(Saved entries)
########################################
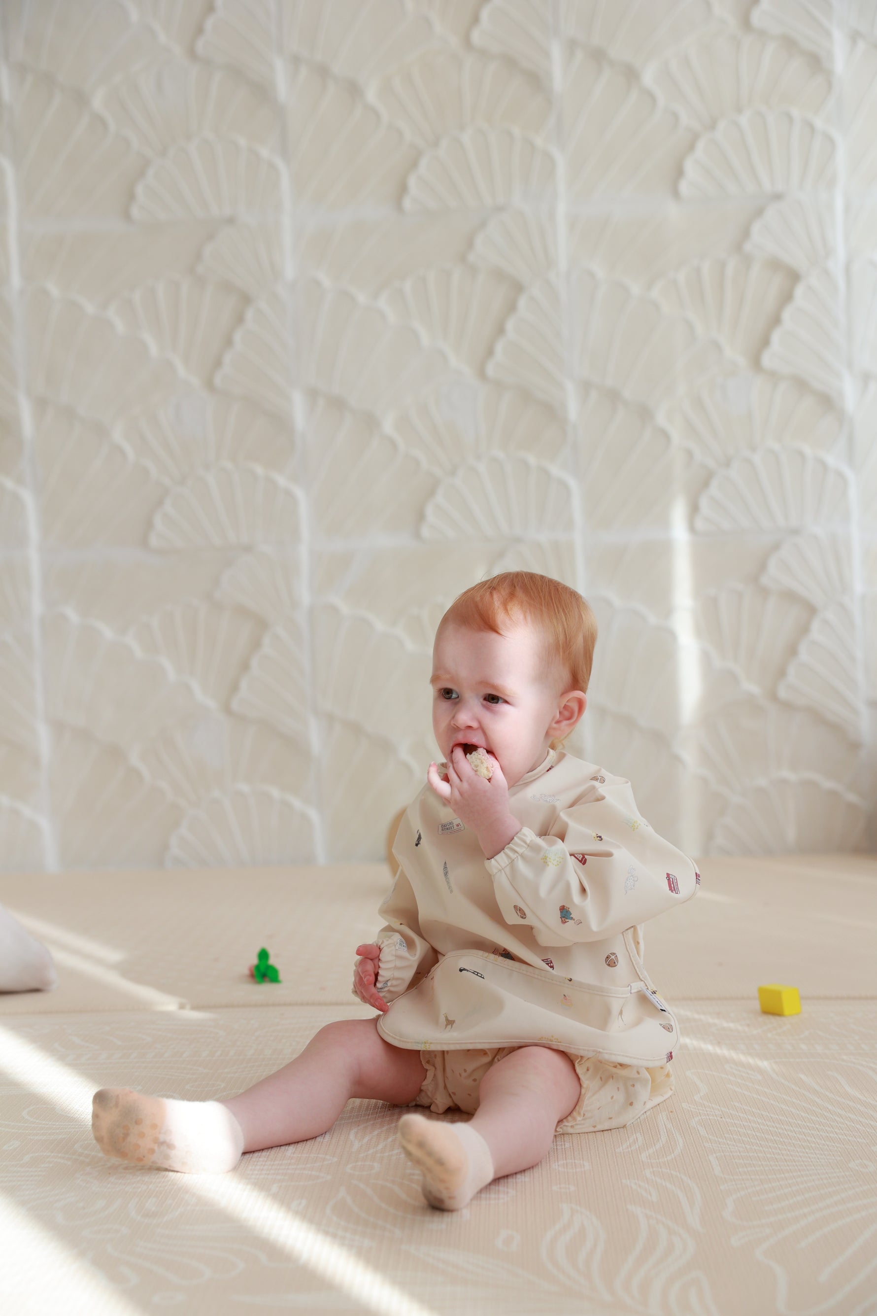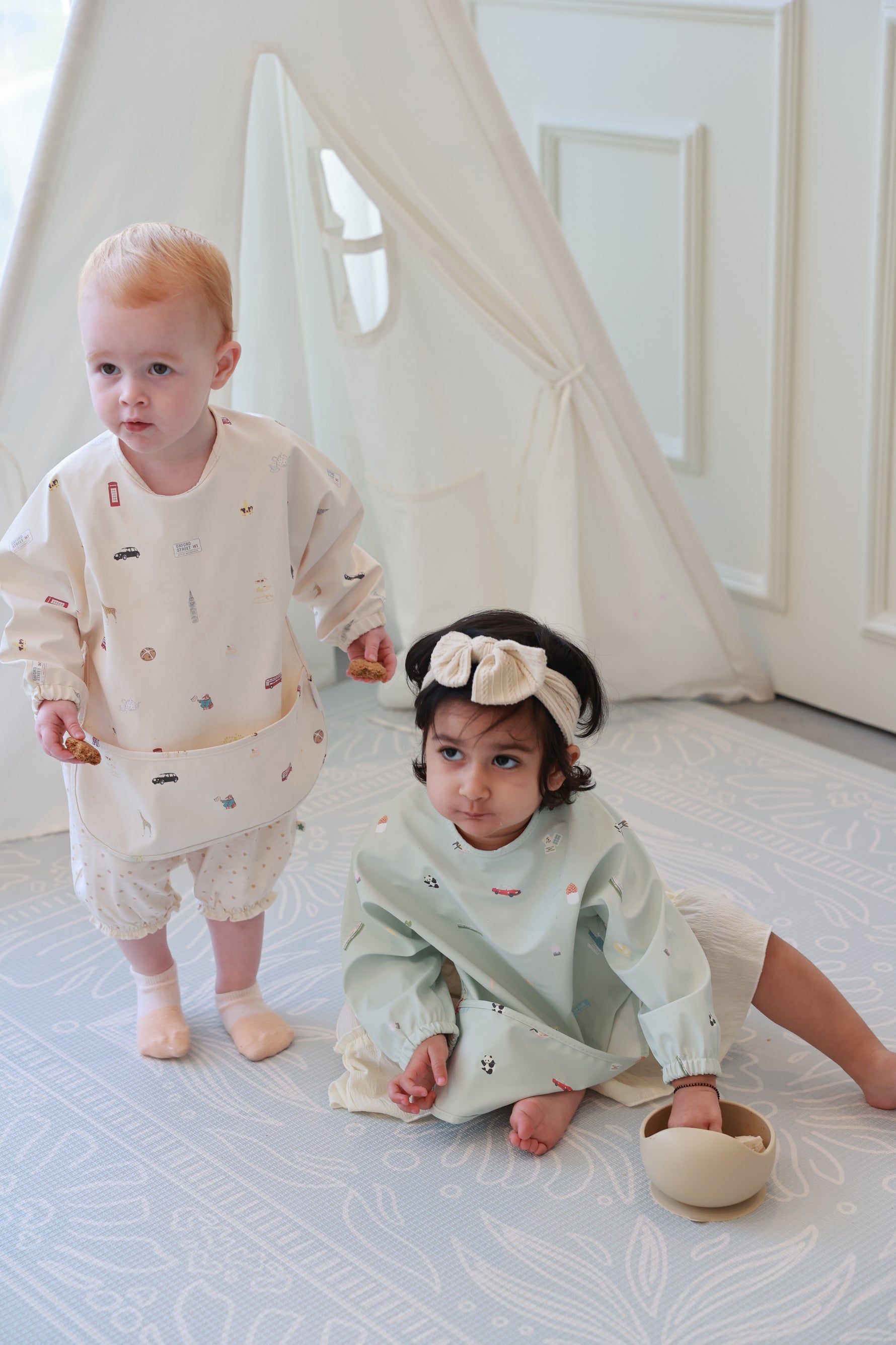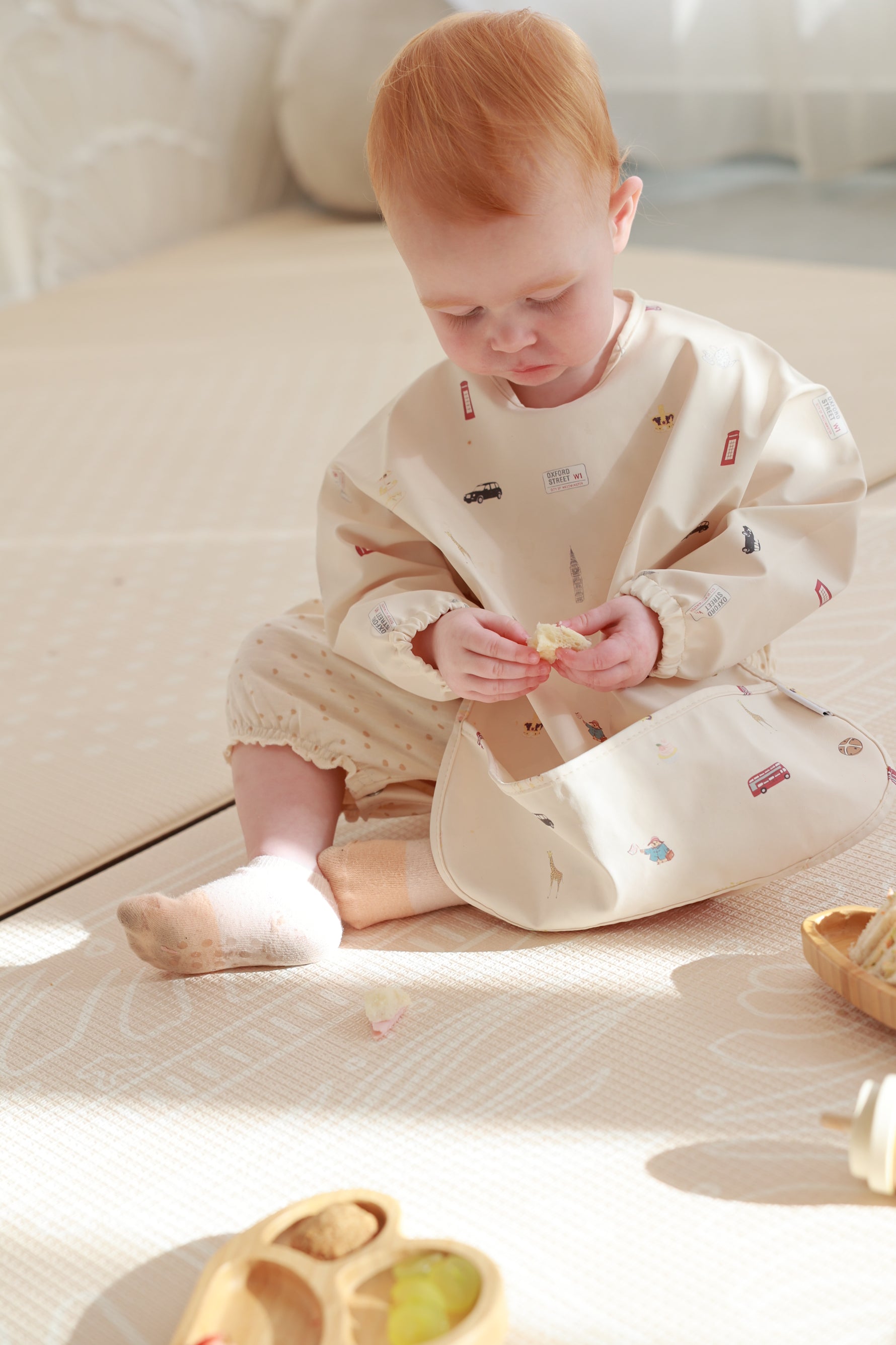 Cheerio, mess! Our London City Printed Bib Sleeve is a playful nod to the charming streets of the UK’s capital. Featuring classic British icons like red double-decker buses, black taxis, Big Ben, crowns, and even Paddington Bear enjoying teatime, this bib brings a whole lot of character to mealtimes. With full-coverage sleeves and a handy catch-all pocket, it's a royally practical way to keep your little one tidy while they explore the taste of adventure.
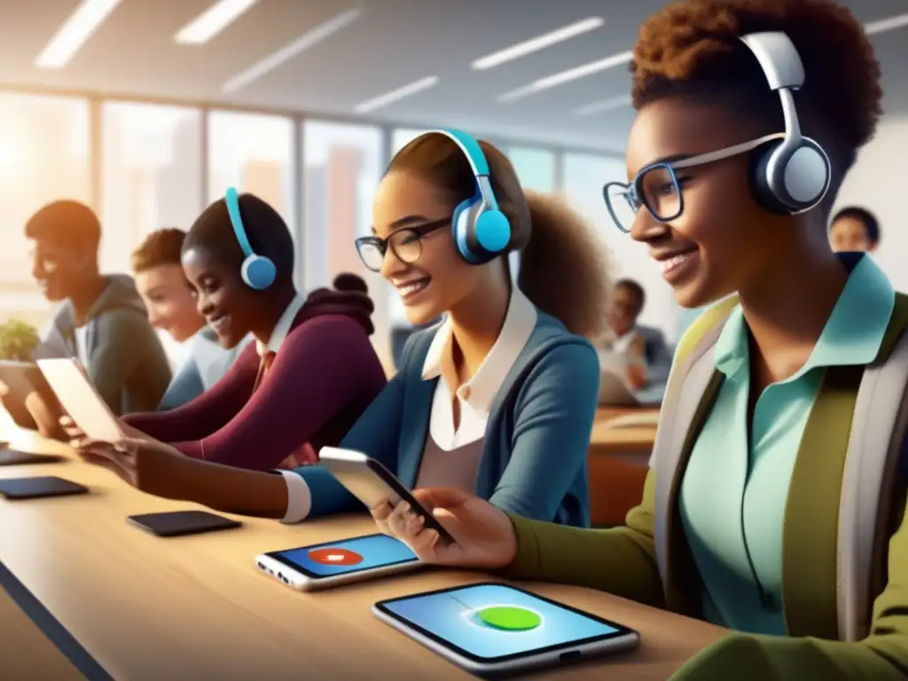 En una aula futurista, estudiantes diversos se sumergen en actividades de MLearning
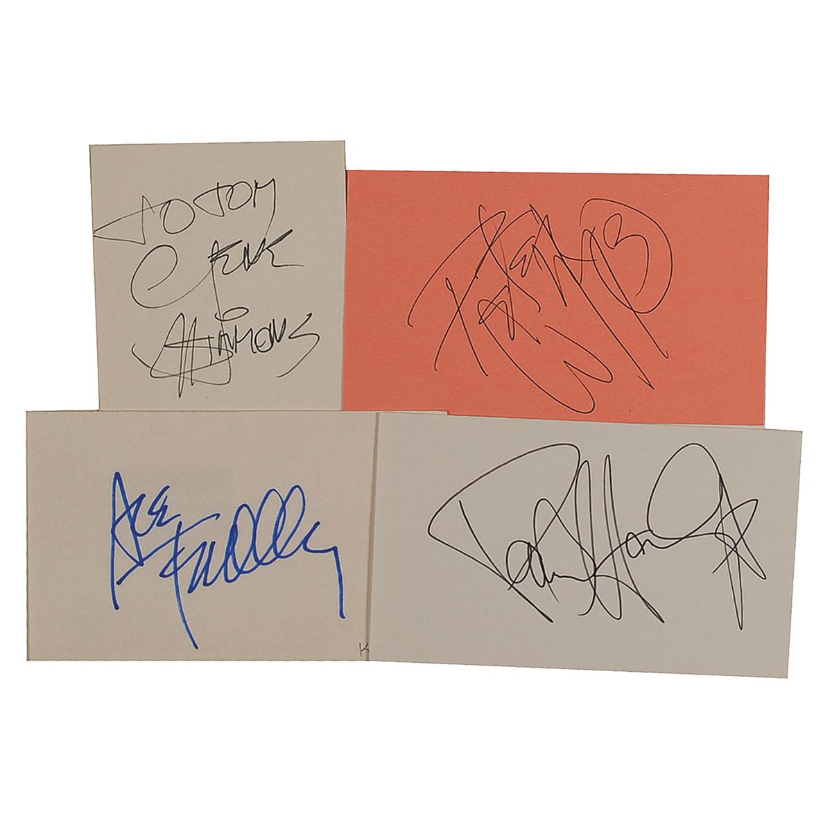 Ink and felt tip signatures, “Paul Stanley,” “Peter Criss,” “Ace Frehley,” and “To Tom, Gene Simmons,” on individual off-white and salmon-colored 5 x 3 cards. In fine condition, with a PSA/DNA authentication label affixed to reverse of each card. Accompanied by four certificates of authenticity from PSA/DNA.
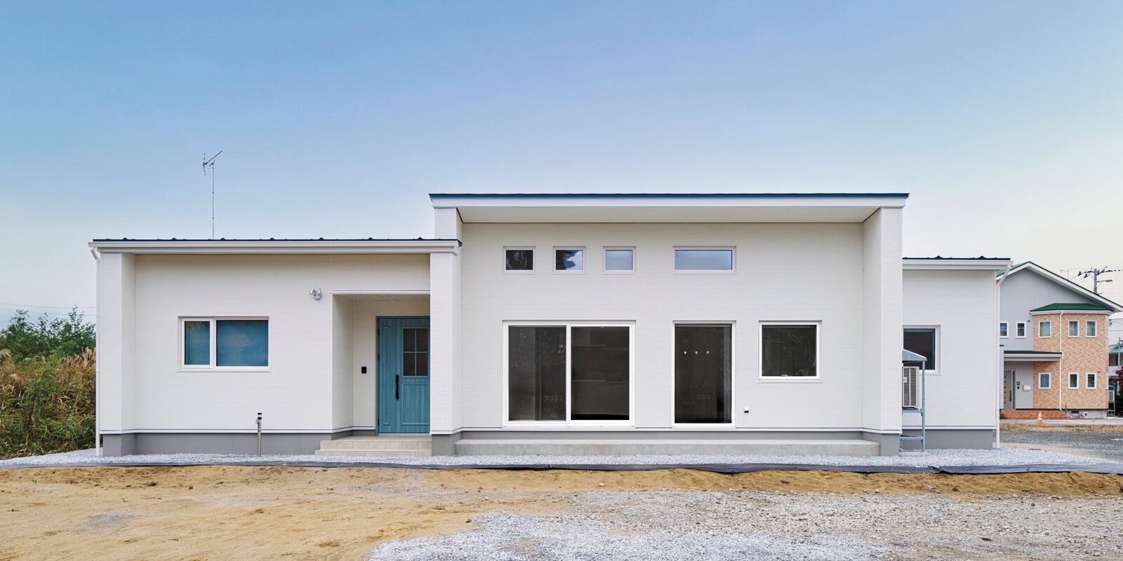 緩やかな勾配天井と南向きのリビングでのどかに過ごせる平屋
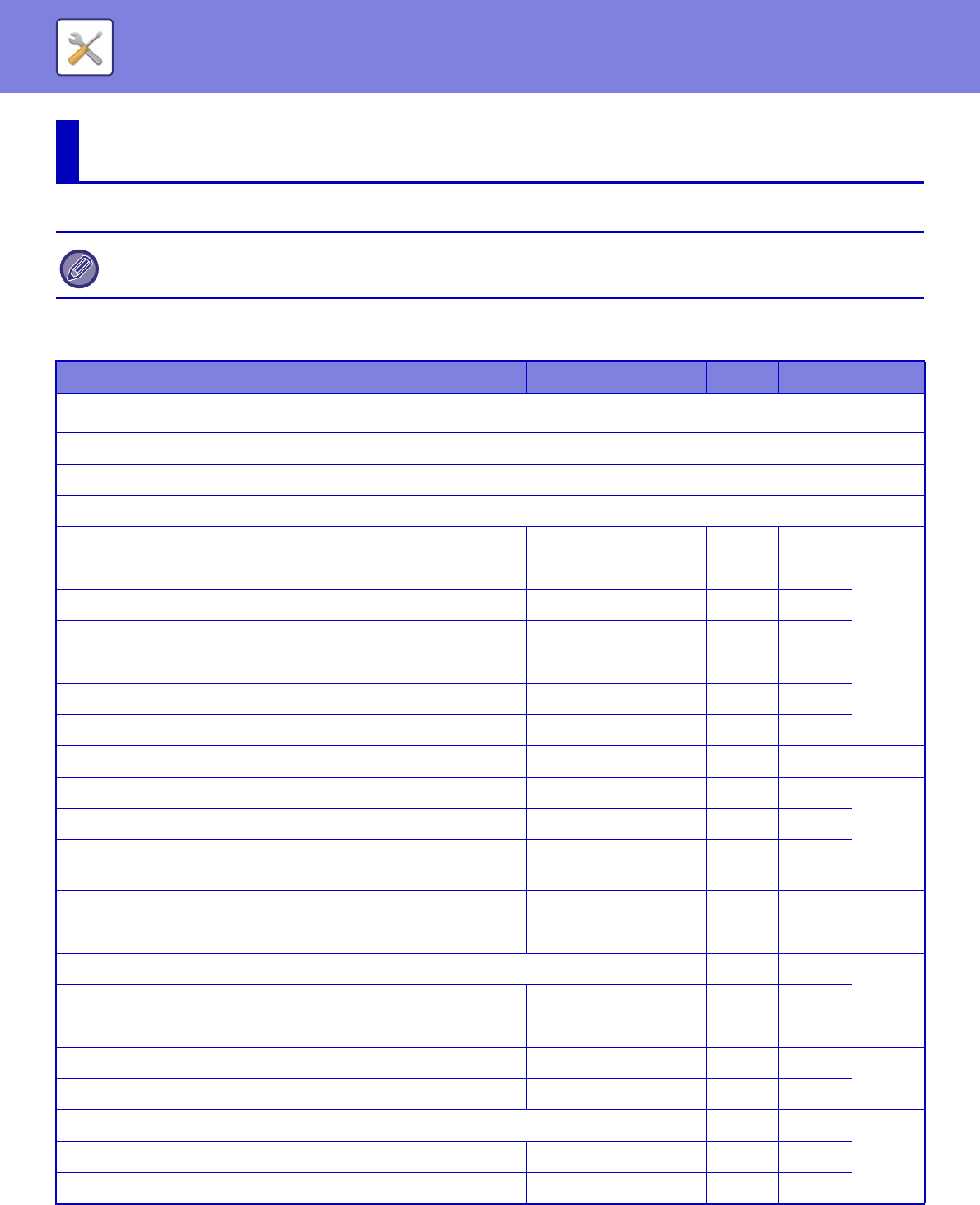 Depending on the machine specifications and peripheral devices installed, it may not be possible to use some settings.
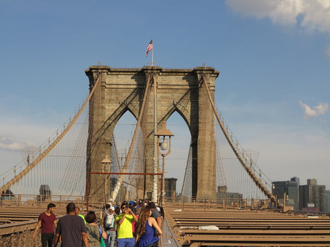 离开911遗址,不远就是布鲁克林大桥,纽约的布鲁克林大桥横跨纽约东河,连接着布鲁克林区和曼哈顿岛,是纽约最早的桥,是当年世界上最长的悬索桥,也是世界上首次以钢材建造的大桥,落成时被认为是继世界古代七大奇迹之后的第八大奇迹,被誉为工业革命时代全世界7个划时代的建筑工程奇迹之一。
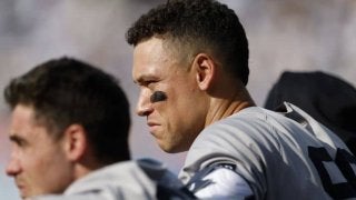 2本塁打を放つも、ベンチで険しい表情を浮かべたジャッジ。ヤンキースの苦境ぶりは、彼の顔つきが物語った。(C)Getty …
########################################
▶ Directions
Every line above should be printed again word for word, without its pictures.

▶ Task answer
 Cheerio, mess! Our London City Printed Bib Sleeve is a playful nod to the charming streets of the UK’s capital. Featuring classic British icons like red double-decker buses, black taxis, Big Ben, crowns, and even Paddington Bear enjoying teatime, this bib brings a whole lot of character to mealtimes. With full-coverage sleeves and a handy catch-all pocket, it's a royally practical way to keep your little one tidy while they explore the taste of adventure.
 En una aula futurista, estudiantes diversos se sumergen en actividades de MLearning
 Ink and felt tip signatures, “Paul Stanley,” “Peter Criss,” “Ace Frehley,” and “To Tom, Gene Simmons,” on individual off-white and salmon-colored 5 x 3 cards. In fine condition, with a PSA/DNA authentication label affixed to reverse of each card. Accompanied by four certificates of authenticity from PSA/DNA.
 緩やかな勾配天井と南向きのリビングでのどかに過ごせる平屋
 Depending on the machine specifications and peripheral devices installed, it may not be possible to use some settings.
 离开911遗址,不远就是布鲁克林大桥,纽约的布鲁克林大桥横跨纽约东河,连接着布鲁克林区和曼哈顿岛,是纽约最早的桥,是当年世界上最长的悬索桥,也是世界上首次以钢材建造的大桥,落成时被认为是继世界古代七大奇迹之后的第八大奇迹,被誉为工业革命时代全世界7个划时代的建筑工程奇迹之一。
 2本塁打を放つも、ベンチで険しい表情を浮かべたジャッジ。ヤンキースの苦境ぶりは、彼の顔つきが物語った。(C)Getty …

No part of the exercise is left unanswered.